■ Data extracted from a collection ■
* * * * *

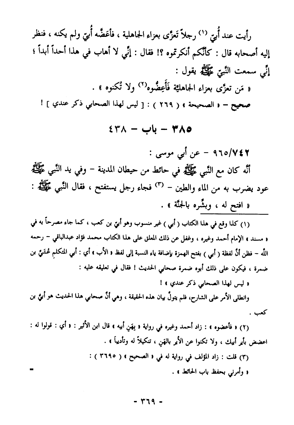 (¬1) كذا وقع في هذا الكتاب (أبي) غير منسوب وهو ابن أبي بن كعب، كما جاء مصرحاً في " مسند" الإمام أحمد وغيره، وغفل عن ذلك محمد فؤاد عبد الباقي - رحمه الله- فظن أن لفظة (أبي) بفتح الهمزة بإضافة ياء النسبة إلى لفظ (الأب) أي: أبي المتكلم عتي بن ضمرة، فيكون على ذلك أبوه ضمرة صحابي الحديث! فقال في تعليقه عليه " ليس هذا الصحابي ذكر عندي"!
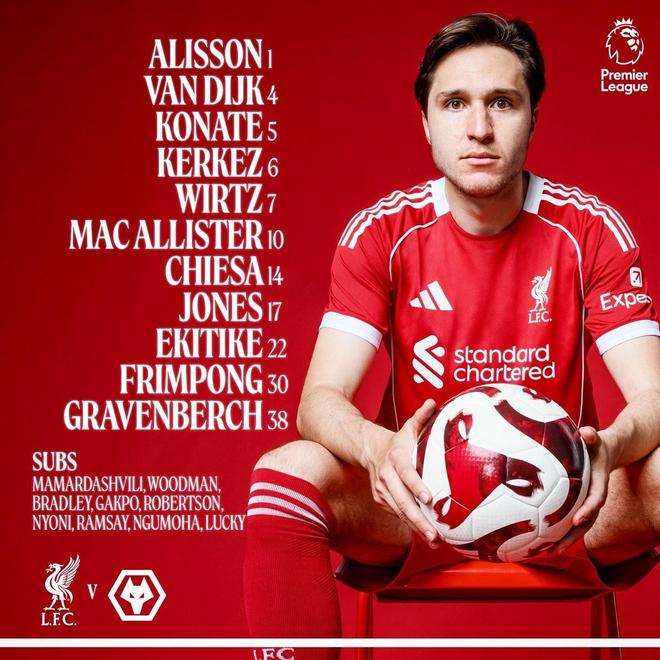利物浦首发:1-阿利松、30-弗林蓬、4-范戴克、5-科纳特、6-凯尔凯兹、38-赫拉芬贝赫、10-麦卡利斯特、17-柯蒂斯-琼斯、7-维尔茨、14-费代里科-基耶萨、22-埃基蒂克
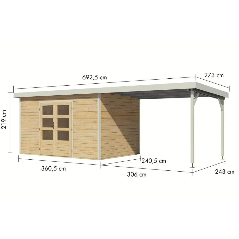 Mit dem optionalen Anbaudach erhalten Sie zusätzlichen Stauraum und erweiterte Nutzungsmöglichkeiten als Gartenlounge. Machen Sie es zu Ihrem persönlichen Rückzugsort.
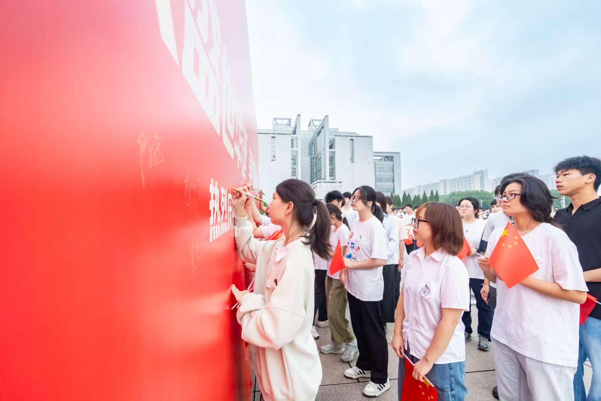 现场师生齐声合唱《我和我的祖国》。升旗仪式结束后,师生们热情参与到“青春誓言献祖国”“我和国旗合张影”活动中来,用笔端书写炽热的爱国心声,用镜头记录下一段段真挚心声、一个个动人画面,凝聚成对祖国华诞最诚挚的祝福,将爱国情怀融入一言一行。
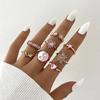New Green Crystal Heart Kunckle Rings Set For Women Enamel Yin Yang Geometric Finger Ring Girls Fashion Jewelry
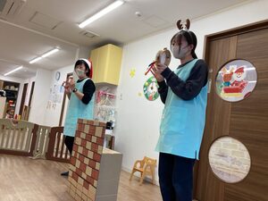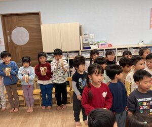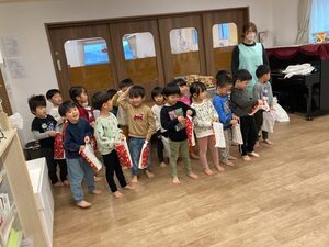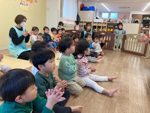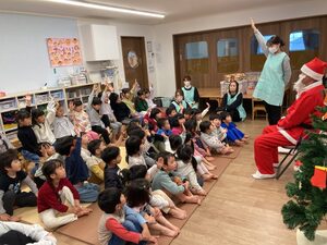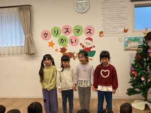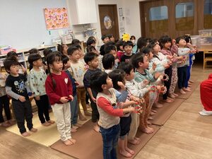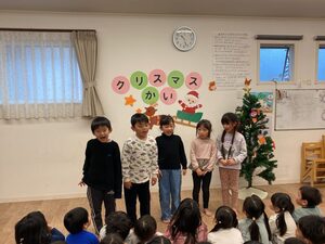 みんなで「あわてんぼうのサンタクロース」のうたを歌いました。みんなこの歌が大好きで手拍子をしながら上手に歌えていましたよ😊
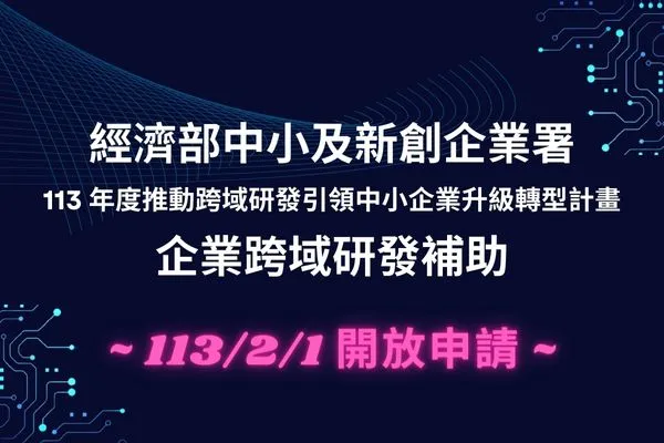 【#政府資源分享】113年度「推動跨域研發引領中小企業升級轉型計畫」企業跨域研發補助
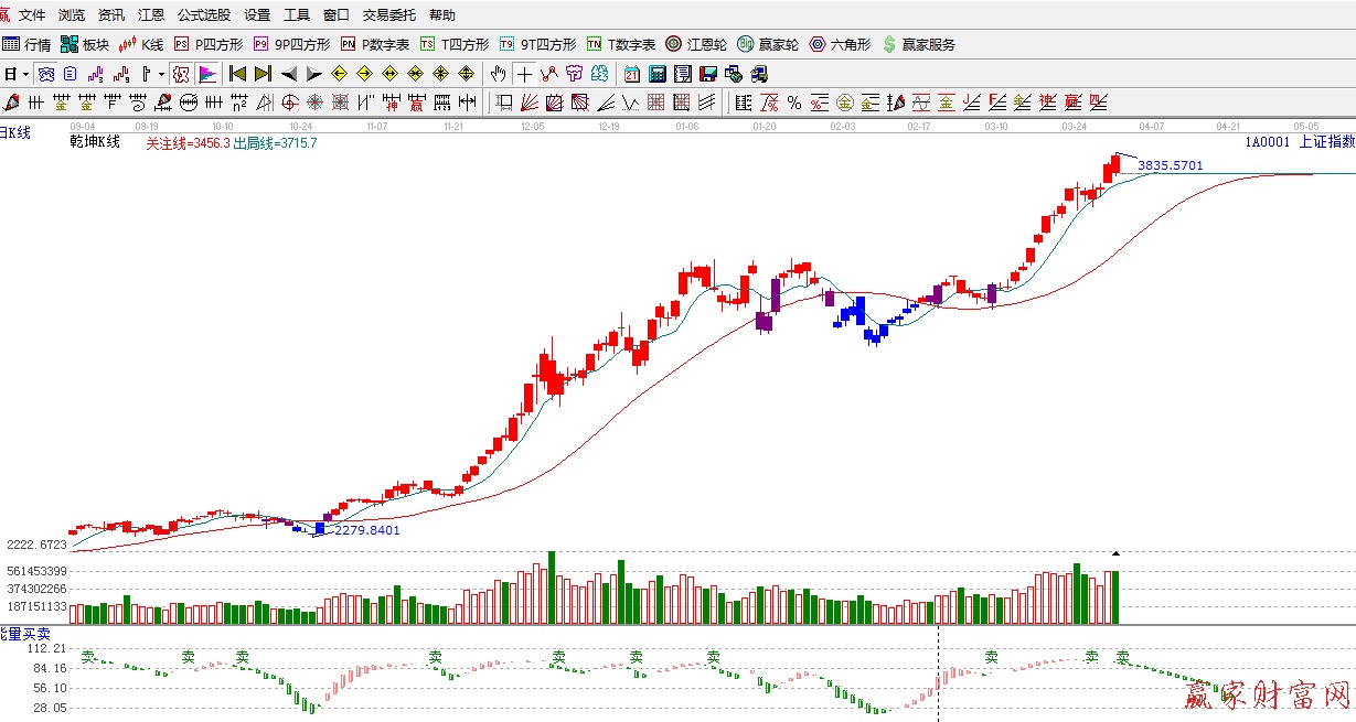 ★依據(jù)贏家江恩理論系統(tǒng)乾坤K線提示:紅色k線,綠色線上方,留意綠色短線出局線得失。
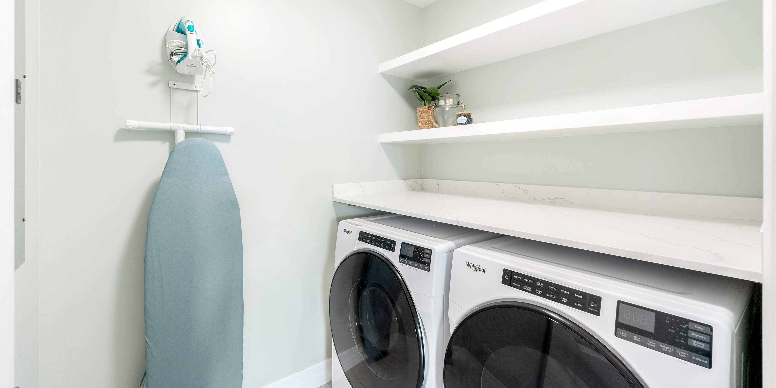Every condo also includes a separate laundry room with a washer, dryer, laundry sink, plus iron and board.
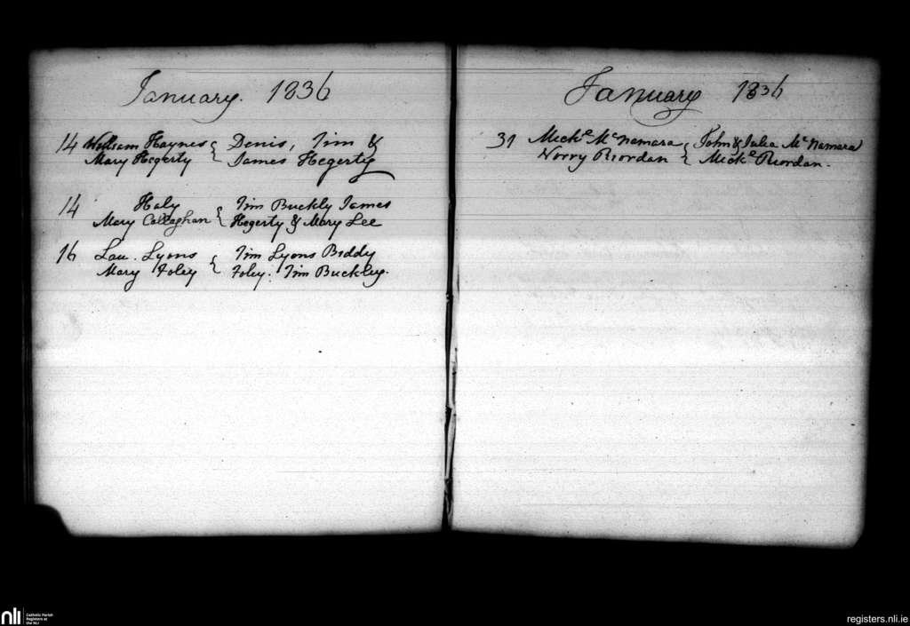 Blarney; County of Cork; Diocese of Cloyne. Marriages, Jan. 1836
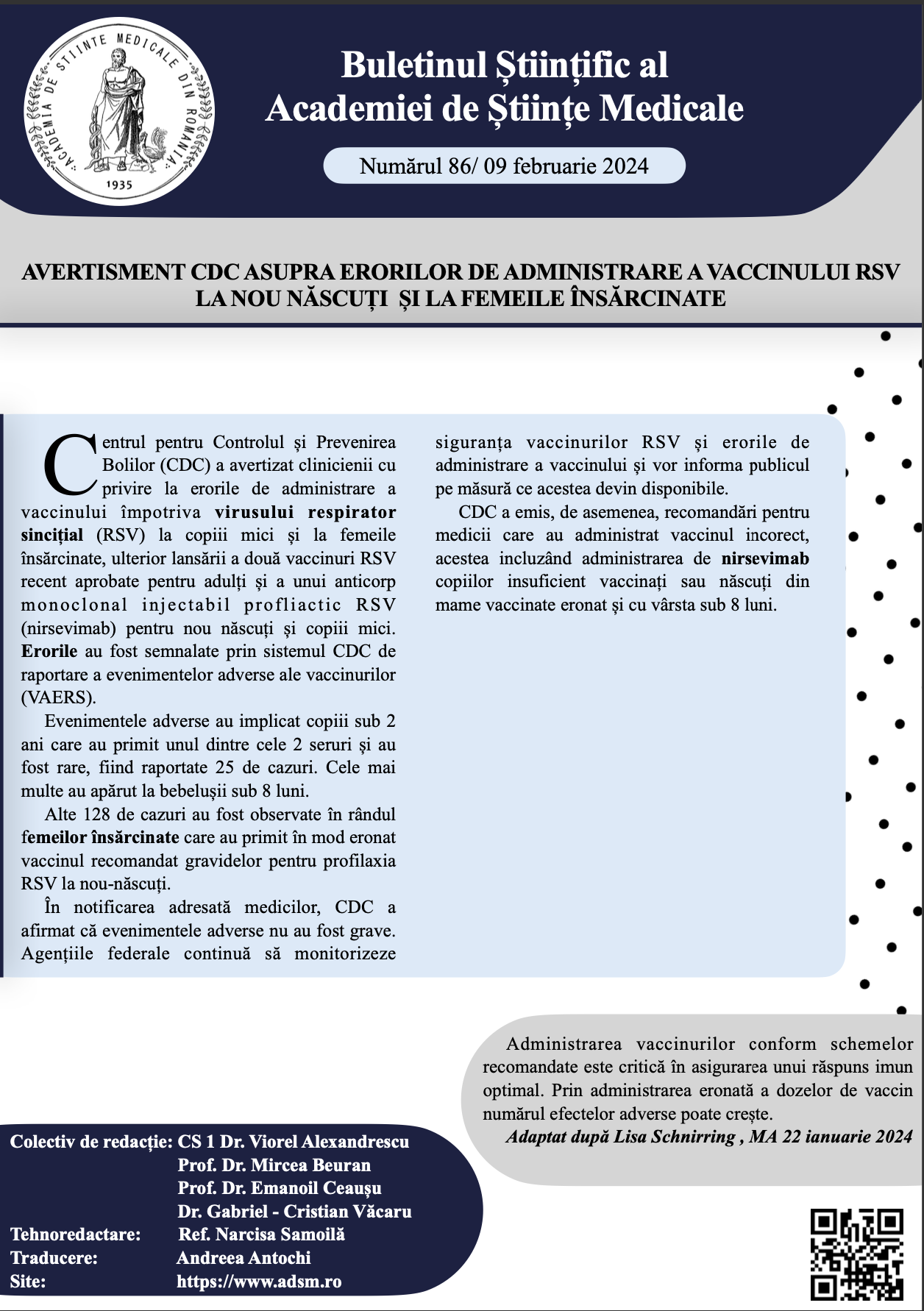 Buletinul Științific al Academiei de Științe Medicale – Nr.86/ 09 februarie 2024Posted on februarie 9, 2024 Pentru a citi întregul buletin științific, click aici: Buletin Stiintific nr. 86
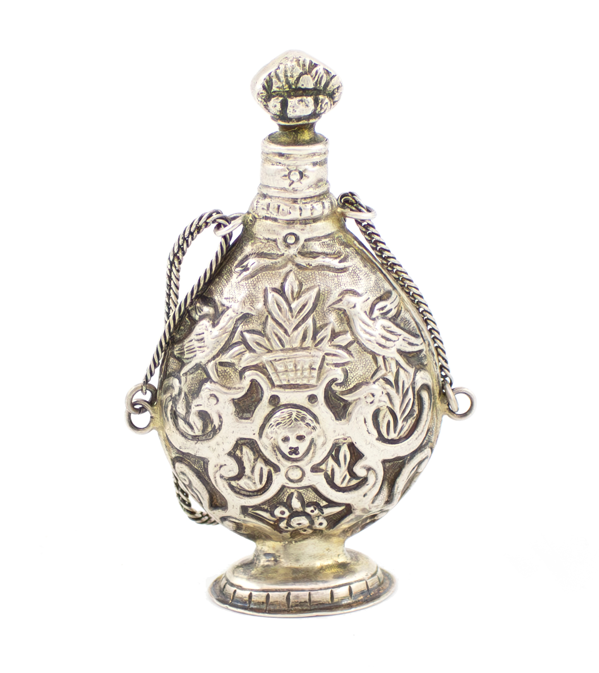 slender baluster form, embossed foliate and scroll bird decoration with a central mask, a pull-off foliate stopper, chain and ring attachments, on a raised oval foot, height 7.8cm, approx. weight 1.6oz.
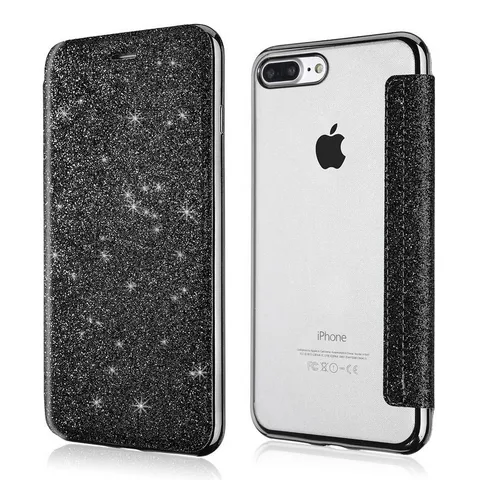 Luxury Glitter Leather Flip Wallet Case For iPhone 13 12 11 Pro XS Max XR X 7 8 Plus 6s Plus SE2020 Clear Bling Back TPU Case
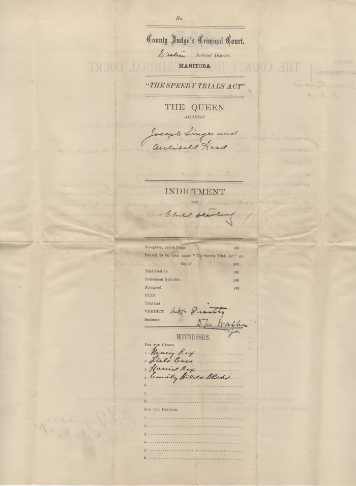 Queen vs. Joseph Singer and Archibald Head trial, page 1.
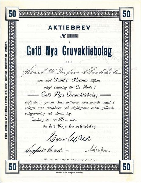 Getö Nya Gruf AB, 50 kronor, 1917, Göteborg, utställd på Herr A.W. Dufwa, + kuponger
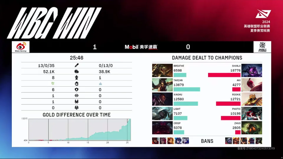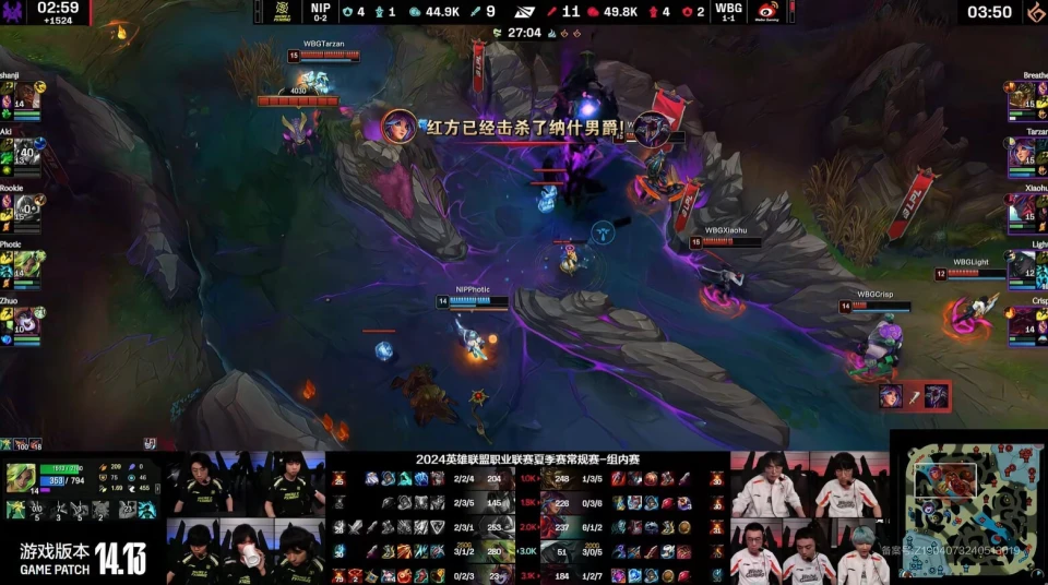 LPL夏日赛组内赛WBG和NIP的角逐,两边大战2局之后,WBG以2-0的战绩击败NIP,送给NIP三连败! 第一局WBG上单鳄鱼,打野豹女,中单卢锡安,下路赛娜加奥恩;NIP上单凯南,打野盲僧,中单沙皇,下路女枪加泰坦。9分钟两边下路混战,zhuo泰坦被击杀,小虎卢锡安拿下了一血。前期WBG推掉了上下两路一塔,经济领先4K。中期22分钟,WBG多次拍大龙,NIP赶来后,刘青松奥恩开团,WBG打出0换3后,拿下第一条大龙。终极25分钟山鸡凯南TP人绕后,但是伤害不足,WBG反打团灭NIP后,拿下第一局的胜利。首局两边输出如下,山鸡凯南打出全场最高伤害,WBG这边伤害最高的是Tarzan豹女。 第二局NIP上单奎桑提,打野猪妹,中单飞机,下路泽丽加璐璐;WBG上单鳄鱼,打野莉莉娅,中单永恩,下路赛娜加奥恩。2分钟Tarzan莉莉娅入侵野区被Aki单杀,NIP拿下了一血。14分钟WBG推掉了中路一血塔,前期两边经济根本持平。中期25分钟WBG拿下听牌龙,之后NIP先手开到Tarzan莉莉娅,但是Tarzan金身规避,WBG冲散NIP阵容,击杀2人后,拿下第一条大龙。后期31分钟WBG拿下火龙魂,随后两边混战,Photic泽丽被击杀,WBG击杀NIP四人后,拿下角逐的胜利。 那么,对于这场角逐,你们有什么想说的吗?欢迎在评论区留言探讨。 |

* * * * *

■ What needs to be done ■
All the lines above should be reproduced exactly, and none of the pictures.

■ Result ■
 (¬1) كذا وقع في هذا الكتاب (أبي) غير منسوب وهو ابن أبي بن كعب، كما جاء مصرحاً في " مسند" الإمام أحمد وغيره، وغفل عن ذلك محمد فؤاد عبد الباقي - رحمه الله- فظن أن لفظة (أبي) بفتح الهمزة بإضافة ياء النسبة إلى لفظ (الأب) أي: أبي المتكلم عتي بن ضمرة، فيكون على ذلك أبوه ضمرة صحابي الحديث! فقال في تعليقه عليه " ليس هذا الصحابي ذكر عندي"!
利物浦首发:1-阿利松、30-弗林蓬、4-范戴克、5-科纳特、6-凯尔凯兹、38-赫拉芬贝赫、10-麦卡利斯特、17-柯蒂斯-琼斯、7-维尔茨、14-费代里科-基耶萨、22-埃基蒂克
 Mit dem optionalen Anbaudach erhalten Sie zusätzlichen Stauraum und erweiterte Nutzungsmöglichkeiten als Gartenlounge. Machen Sie es zu Ihrem persönlichen Rückzugsort.
 现场师生齐声合唱《我和我的祖国》。升旗仪式结束后,师生们热情参与到“青春誓言献祖国”“我和国旗合张影”活动中来,用笔端书写炽热的爱国心声,用镜头记录下一段段真挚心声、一个个动人画面,凝聚成对祖国华诞最诚挚的祝福,将爱国情怀融入一言一行。
New Green Crystal Heart Kunckle Rings Set For Women Enamel Yin Yang Geometric Finger Ring Girls Fashion Jewelry
 みんなで「あわてんぼうのサンタクロース」のうたを歌いました。みんなこの歌が大好きで手拍子をしながら上手に歌えていましたよ😊
 【#政府資源分享】113年度「推動跨域研發引領中小企業升級轉型計畫」企業跨域研發補助
 ★依據(jù)贏家江恩理論系統(tǒng)乾坤K線提示:紅色k線,綠色線上方,留意綠色短線出局線得失。
Every condo also includes a separate laundry room with a washer, dryer, laundry sink, plus iron and board.
 Blarney; County of Cork; Diocese of Cloyne. Marriages, Jan. 1836
 Buletinul Științific al Academiei de Științe Medicale – Nr.86/ 09 februarie 2024Posted on februarie 9, 2024 Pentru a citi întregul buletin științific, click aici: Buletin Stiintific nr. 86
 slender baluster form, embossed foliate and scroll bird decoration with a central mask, a pull-off foliate stopper, chain and ring attachments, on a raised oval foot, height 7.8cm, approx. weight 1.6oz.
 Luxury Glitter Leather Flip Wallet Case For iPhone 13 12 11 Pro XS Max XR X 7 8 Plus 6s Plus SE2020 Clear Bling Back TPU Case
 Queen vs. Joseph Singer and Archibald Head trial, page 1.
 Getö Nya Gruf AB, 50 kronor, 1917, Göteborg, utställd på Herr A.W. Dufwa, + kuponger
 LPL夏日赛组内赛WBG和NIP的角逐,两边大战2局之后,WBG以2-0的战绩击败NIP,送给NIP三连败! 第一局WBG上单鳄鱼,打野豹女,中单卢锡安,下路赛娜加奥恩;NIP上单凯南,打野盲僧,中单沙皇,下路女枪加泰坦。9分钟两边下路混战,zhuo泰坦被击杀,小虎卢锡安拿下了一血。前期WBG推掉了上下两路一塔,经济领先4K。中期22分钟,WBG多次拍大龙,NIP赶来后,刘青松奥恩开团,WBG打出0换3后,拿下第一条大龙。终极25分钟山鸡凯南TP人绕后,但是伤害不足,WBG反打团灭NIP后,拿下第一局的胜利。首局两边输出如下,山鸡凯南打出全场最高伤害,WBG这边伤害最高的是Tarzan豹女。 第二局NIP上单奎桑提,打野猪妹,中单飞机,下路泽丽加璐璐;WBG上单鳄鱼,打野莉莉娅,中单永恩,下路赛娜加奥恩。2分钟Tarzan莉莉娅入侵野区被Aki单杀,NIP拿下了一血。14分钟WBG推掉了中路一血塔,前期两边经济根本持平。中期25分钟WBG拿下听牌龙,之后NIP先手开到Tarzan莉莉娅,但是Tarzan金身规避,WBG冲散NIP阵容,击杀2人后,拿下第一条大龙。后期31分钟WBG拿下火龙魂,随后两边混战,Photic泽丽被击杀,WBG击杀NIP四人后,拿下角逐的胜利。 那么,对于这场角逐,你们有什么想说的吗?欢迎在评论区留言探讨。 |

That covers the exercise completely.